Repeat every entry word for word; omit all pictures.

------------------------------------------------

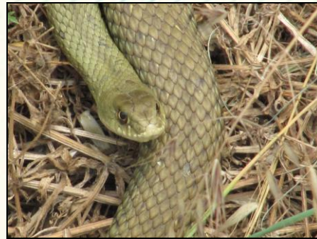
Foto 1. Per Alexandre Roux (CC BY-NC-SA 2.0) via https://www.flickr.com/search/?l=deriv&q=malpolon%20monspessulanus Foto 2. Serp verda a la llera del riu Congost en la zona de Palou (Ajuntament de Granollers)

Hàbitat i ecologia: Típica mediterrània, habita a zones de matollar, espais oberts i zones antropitzades com ara cultius i construccions.
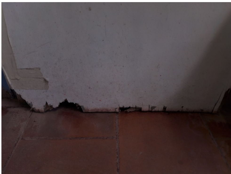
Sala de procedimentos de enfermagem
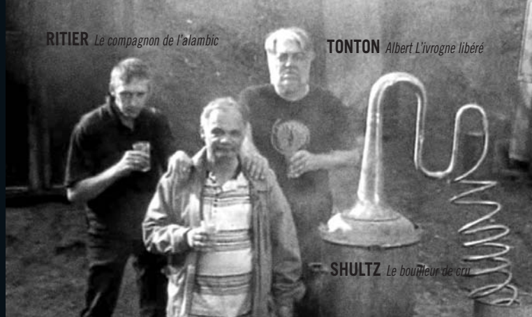
RITIER Le compagnon de l'alambic
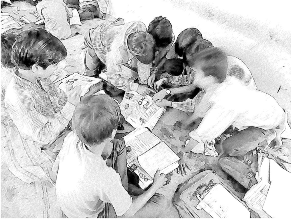
चित्र 1: समूहों में कार्य करने से आपके छात्र-छात्राओं की उपलब्धि बेहतर होगी।
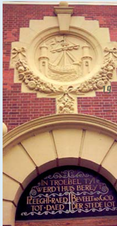
Afb. 12 Gevelsteen in Muiden.
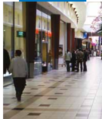
Kingcross Bevásárlóközpont - Zágráb - Horvátország
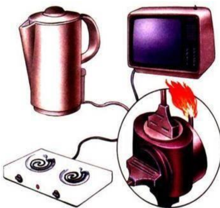
Перегрузка электропроводов

9) Помни: от твоих первых действий зависит, насколько быстро будет распространяться дым и огонь по подъезду.
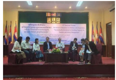
រូបភាពវេទិកាជាក់ជាតិលើកទី៨ស្តីពីការអប់រំបរិយាបន្នស្តីពី«បង្កើនការវិនិយោគលើការកសាងសមត្ថភាពគ្រូបង្រៀននិងគណៈគ្រប់គ្រងសាលារៀនអំពីការអប់រំបរិយាបន្នសម្រាប់កុមារមានពិការភាព» រៀបចំនៅរាជធានីភ្នំពេញ ថ្ងៃទី១១ ខែធ្នូ ឆ្នាំ២០១៩

នេះបញ្ជាក់ពីការទទួលខុសត្រូវសីលធម៌ ដើម្បីធានាថាក្រុមដែលងាយរងគ្រោះបំផុត ត្រូវបានត្រួតពិនិត្យតាមដានដោយយកចិត្តទុកដាក់ និងនៅក្នុងករណីចាំបាច់វិធានការត្រូវបានធ្វើឡើង ដើម្បីធានាវត្តមាន ការចូលរួម និងការសម្រេចរបស់ពួកគេនៅក្នុងប្រព័ន្ធអប់រំ។ 13
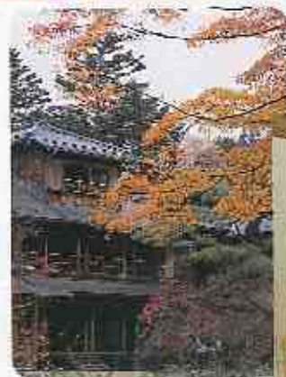
日仏造形美術フェスティバル展
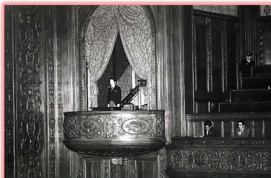
昭和49年3月29日 江崎玲於奈氏（物理学）
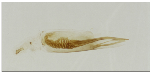
Fig. 14. Delplanqueia inscriptella (Dup.). Phallus, gen. præp. Vilhelmsen 958.
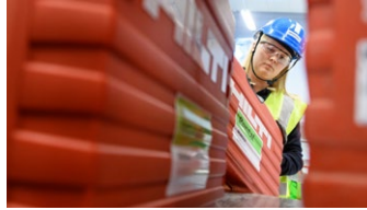
Antal artiklar du hyr just nu
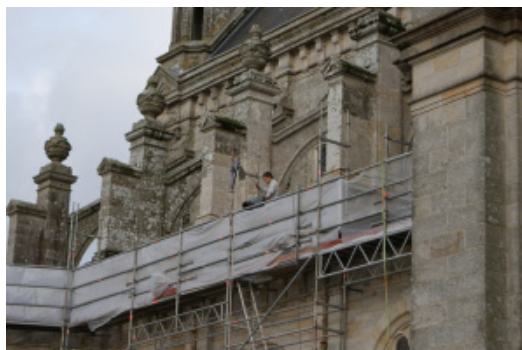
Travail du tailleur de pierre sur les terrasses de la basilique

L'important investissement effectué s'inscrit dans une volonté de la mairie, propriétaire de la basilique, et des acteurs du site de développer l'attractivité de Sainte-Anne d'Auray et de l'inscrire comme grand site en Bretagne. Il abonde également dans la stratégie nationale pour un tourisme français leader mondial.
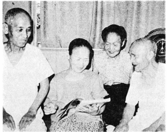
健康で豊かな暮らしを語り合うお年寄り

これは所得比例制といわれているもので、普通の保険料の外に任意の附加保険料(月350円)を掛け、年金を多く受けるものです。
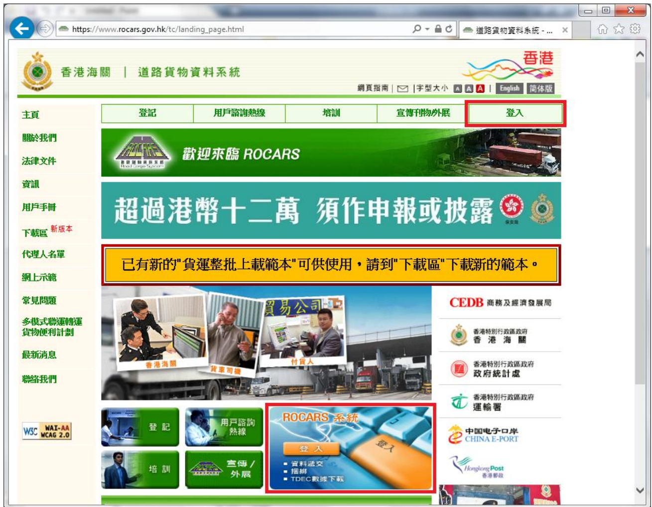
圖表 1: 登入 ROCARS 系統 – 主頁
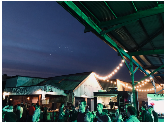
festival i avslutnings-present
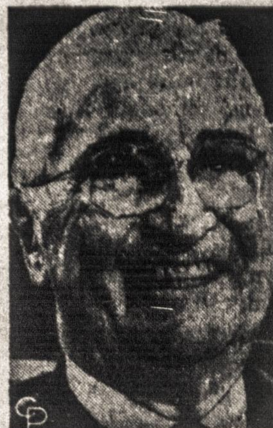
Harry S. Truman

Prezidentas Harry Truman, miręs eidamas 88-erius metus, istorijoje bus atžymėtas kaip vienas daugiausiai pasižymėjusių-atlikusių darbų JAV Prezidentų! Jį prisimins visas civilizotasis pasaulis, daugiausiai už jo nuopelnus vykdant "TRUMAN DOCTRINE", kurios dėka nuo BOLŠEVIKŲ invazijos išgelbėtos Graikija ir Turkija. Jo nuopelnams priskaitomas, taip vadinamas, ir "MARSHALL PLAN", kurio pagalba ekonominei buvo atstatyta karo sugriautoji Europa. Be ne ryškiausiai pasaulis, ypač Europa, jį prisimins - už sukūrimą NATO, kuris sustabdė telimesnius Stalino užgrobinus Europoje.
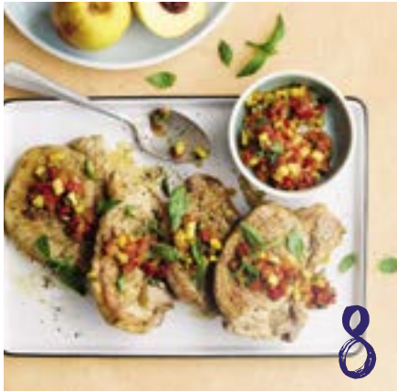
Ösi Chuchi Sommerfrüchte fürs gewisse Etwas im Hauptgericht
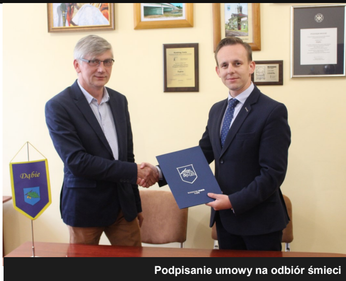
Podpisanie umowy na odbiór śmieci

W ramach wkładu własnego spółka zobowiązana była zakupić kosze na odpady. Przejęcie tak dużego przedsięwzięcia jest w naszym mniemaniu dużym sukcesem, ale także i zobowiązaniem wobec mieszkańców. W związku z powyższym będziemy dokładać wszelkich starań, aby świadczone usługi z miesiąca na miesiąc były coraz lepsze.
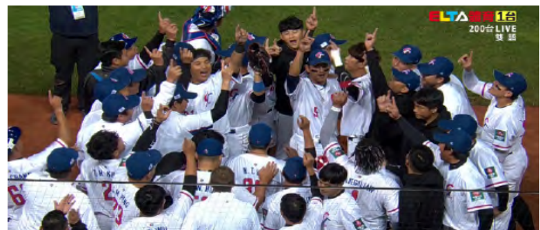
8日晚間8點，MOD愛爾達電視轉播飆出4.17收視率，首日收視率即開出紅盤。
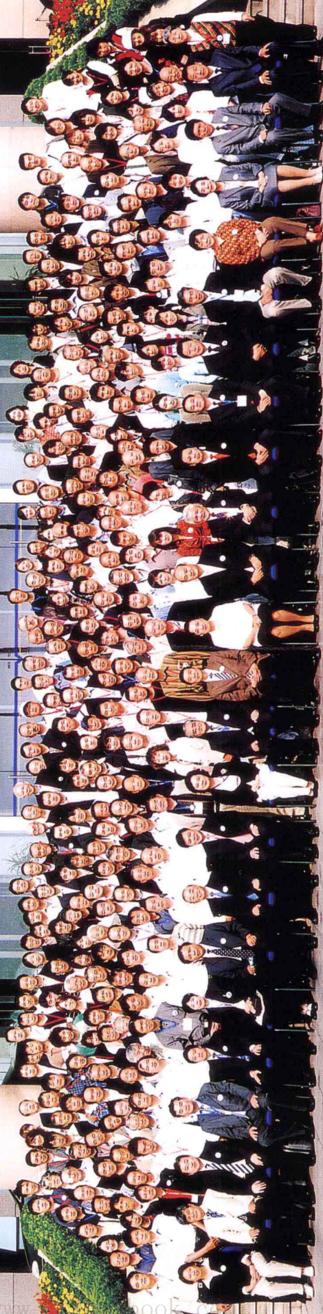
2006年青岛中日徐福文化交流会合影
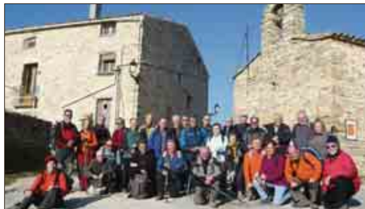
Aturada a Sant Gallard.

La sortida la fem des del cementiri de la vila, on deixem els cotxes en l'ampli aparcament. A primera hora matinal encara do-
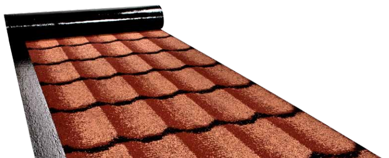
ICOPAL ROLLED TILES 3D® (RDI 3D® 13)
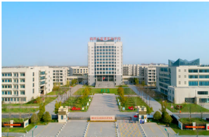
南京师范大学盐城实验学校(扬子杯)

程建设诚信典型企业”“全国信用评价AAA级信用企业”“全国建筑施工信用6星企业”。博得广大客户和社会各界的普遍赞誉。为彰显企业综合实力和品牌形象，在盐城高新区投资20多亿元，开发建设总面积达33万 m^2 ，集总部经济、科研办公、金融服务、商务酒店于一体的科技广场中央商务区项目已经开工，建成后将成为盐城大市区西部标志性建筑群和重要的商贸中心。
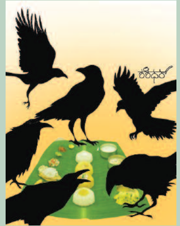
ಬೇರೆ ಪಕ್ಷಿಗಳು ಹಂಚಿ ತಿನ್ನದೆ ಪಿಂಡ ಮಿಕ್ಕುಬಿಟ್ಟರೆ ಆತ್ಮ ಅರೆದಾರಿ ಮಾತ್ರ ಸಾಗಿ ಅಂತರ್ಜೀವಿ ಆಗುವುದಂತೆ.
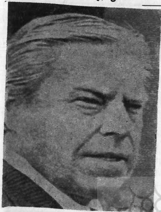
«جان رونس» رهبر جمهوریخواهان در مجلس نمایندگان آمریکا از جمله رهبران حزب جمهوریخواه است که پس از انتشار خلاصه مکالمات کاخ سفید از حزب نیکسون به صفت افتقاد کنندگان از رئیس جمهوری پیوسته او را تشویق به استعفا نمودند.

سنای آمریکا قطعی نیست و از آنجائیکه برای محکومیت رئیس جمهوری و برکناری وی اکثریت بیش از دو ثلث آراء سناتورها ضروری است این شانس برای نیکسون وجود دارد که در آخرین مرحله رأی موافق بیش از یک سوم سناتوری آمریکا را بطرفداری از خود جلب نموده از تصویب اعلام جرم مجلس نمایندگان در رأی آمریکا جلوگیری بعمل آورد، لیکن ابقای وی در مقام ریاست جمهوری پس از طی این مراحل با دشواریهای بسیاری برای آمریکا و دنیا همراه خواهد بود و نیکسون در باقیمانده دوران ریاست جمهوری خود در برابر یک کنگره مخالف رأی از پیش نخواهد برد.

------------------------------------------------

## Reply
Foto 1. Per Alexandre Roux (CC BY-NC-SA 2.0) via https://www.flickr.com/search/?l=deriv&q=malpolon%20monspessulanus Foto 2. Serp verda a la llera del riu Congost en la zona de Palou (Ajuntament de Granollers)

Hàbitat i ecologia: Típica mediterrània, habita a zones de matollar, espais oberts i zones antropitzades com ara cultius i construccions.
Sala de procedimentos de enfermagem
RITIER Le compagnon de l'alambic
चित्र 1: समूहों में कार्य करने से आपके छात्र-छात्राओं की उपलब्धि बेहतर होगी।
Afb. 12 Gevelsteen in Muiden.
Kingcross Bevásárlóközpont - Zágráb - Horvátország
Перегрузка электропроводов

9) Помни: от твоих первых действий зависит, насколько быстро будет распространяться дым и огонь по подъезду.
រូបភាពវេទិកាជាក់ជាតិលើកទី៨ស្តីពីការអប់រំបរិយាបន្នស្តីពី«បង្កើនការវិនិយោគលើការកសាងសមត្ថភាពគ្រូបង្រៀននិងគណៈគ្រប់គ្រងសាលារៀនអំពីការអប់រំបរិយាបន្នសម្រាប់កុមារមានពិការភាព» រៀបចំនៅរាជធានីភ្នំពេញ ថ្ងៃទី១១ ខែធ្នូ ឆ្នាំ២០១៩

នេះបញ្ជាក់ពីការទទួលខុសត្រូវសីលធម៌ ដើម្បីធានាថាក្រុមដែលងាយរងគ្រោះបំផុត ត្រូវបានត្រួតពិនិត្យតាមដានដោយយកចិត្តទុកដាក់ និងនៅក្នុងករណីចាំបាច់វិធានការត្រូវបានធ្វើឡើង ដើម្បីធានាវត្តមាន ការចូលរួម និងការសម្រេចរបស់ពួកគេនៅក្នុងប្រព័ន្ធអប់រំ។ 13
日仏造形美術フェスティバル展
昭和49年3月29日 江崎玲於奈氏（物理学）
Fig. 14. Delplanqueia inscriptella (Dup.). Phallus, gen. præp. Vilhelmsen 958.
Antal artiklar du hyr just nu
Travail du tailleur de pierre sur les terrasses de la basilique

L'important investissement effectué s'inscrit dans une volonté de la mairie, propriétaire de la basilique, et des acteurs du site de développer l'attractivité de Sainte-Anne d'Auray et de l'inscrire comme grand site en Bretagne. Il abonde également dans la stratégie nationale pour un tourisme français leader mondial.
健康で豊かな暮らしを語り合うお年寄り

これは所得比例制といわれているもので、普通の保険料の外に任意の附加保険料(月350円)を掛け、年金を多く受けるものです。
圖表 1: 登入 ROCARS 系統 – 主頁
festival i avslutnings-present
Harry S. Truman

Prezidentas Harry Truman, miręs eidamas 88-erius metus, istorijoje bus atžymėtas kaip vienas daugiausiai pasižymėjusių-atlikusių darbų JAV Prezidentų! Jį prisimins visas civilizotasis pasaulis, daugiausiai už jo nuopelnus vykdant "TRUMAN DOCTRINE", kurios dėka nuo BOLŠEVIKŲ invazijos išgelbėtos Graikija ir Turkija. Jo nuopelnams priskaitomas, taip vadinamas, ir "MARSHALL PLAN", kurio pagalba ekonominei buvo atstatyta karo sugriautoji Europa. Be ne ryškiausiai pasaulis, ypač Europa, jį prisimins - už sukūrimą NATO, kuris sustabdė telimesnius Stalino užgrobinus Europoje.
Ösi Chuchi Sommerfrüchte fürs gewisse Etwas im Hauptgericht
Podpisanie umowy na odbiór śmieci

W ramach wkładu własnego spółka zobowiązana była zakupić kosze na odpady. Przejęcie tak dużego przedsięwzięcia jest w naszym mniemaniu dużym sukcesem, ale także i zobowiązaniem wobec mieszkańców. W związku z powyższym będziemy dokładać wszelkich starań, aby świadczone usługi z miesiąca na miesiąc były coraz lepsze.
8日晚間8點，MOD愛爾達電視轉播飆出4.17收視率，首日收視率即開出紅盤。
2006年青岛中日徐福文化交流会合影
Aturada a Sant Gallard.

La sortida la fem des del cementiri de la vila, on deixem els cotxes en l'ampli aparcament. A primera hora matinal encara do-
ICOPAL ROLLED TILES 3D® (RDI 3D® 13)
南京师范大学盐城实验学校(扬子杯)

程建设诚信典型企业”“全国信用评价AAA级信用企业”“全国建筑施工信用6星企业”。博得广大客户和社会各界的普遍赞誉。为彰显企业综合实力和品牌形象，在盐城高新区投资20多亿元，开发建设总面积达33万 m^2 ，集总部经济、科研办公、金融服务、商务酒店于一体的科技广场中央商务区项目已经开工，建成后将成为盐城大市区西部标志性建筑群和重要的商贸中心。
ಬೇರೆ ಪಕ್ಷಿಗಳು ಹಂಚಿ ತಿನ್ನದೆ ಪಿಂಡ ಮಿಕ್ಕುಬಿಟ್ಟರೆ ಆತ್ಮ ಅರೆದಾರಿ ಮಾತ್ರ ಸಾಗಿ ಅಂತರ್ಜೀವಿ ಆಗುವುದಂತೆ.
«جان رونس» رهبر جمهوریخواهان در مجلس نمایندگان آمریکا از جمله رهبران حزب جمهوریخواه است که پس از انتشار خلاصه مکالمات کاخ سفید از حزب نیکسون به صفت افتقاد کنندگان از رئیس جمهوری پیوسته او را تشویق به استعفا نمودند.

سنای آمریکا قطعی نیست و از آنجائیکه برای محکومیت رئیس جمهوری و برکناری وی اکثریت بیش از دو ثلث آراء سناتورها ضروری است این شانس برای نیکسون وجود دارد که در آخرین مرحله رأی موافق بیش از یک سوم سناتوری آمریکا را بطرفداری از خود جلب نموده از تصویب اعلام جرم مجلس نمایندگان در رأی آمریکا جلوگیری بعمل آورد، لیکن ابقای وی در مقام ریاست جمهوری پس از طی این مراحل با دشواریهای بسیاری برای آمریکا و دنیا همراه خواهد بود و نیکسون در باقیمانده دوران ریاست جمهوری خود در برابر یک کنگره مخالف رأی از پیش نخواهد برد.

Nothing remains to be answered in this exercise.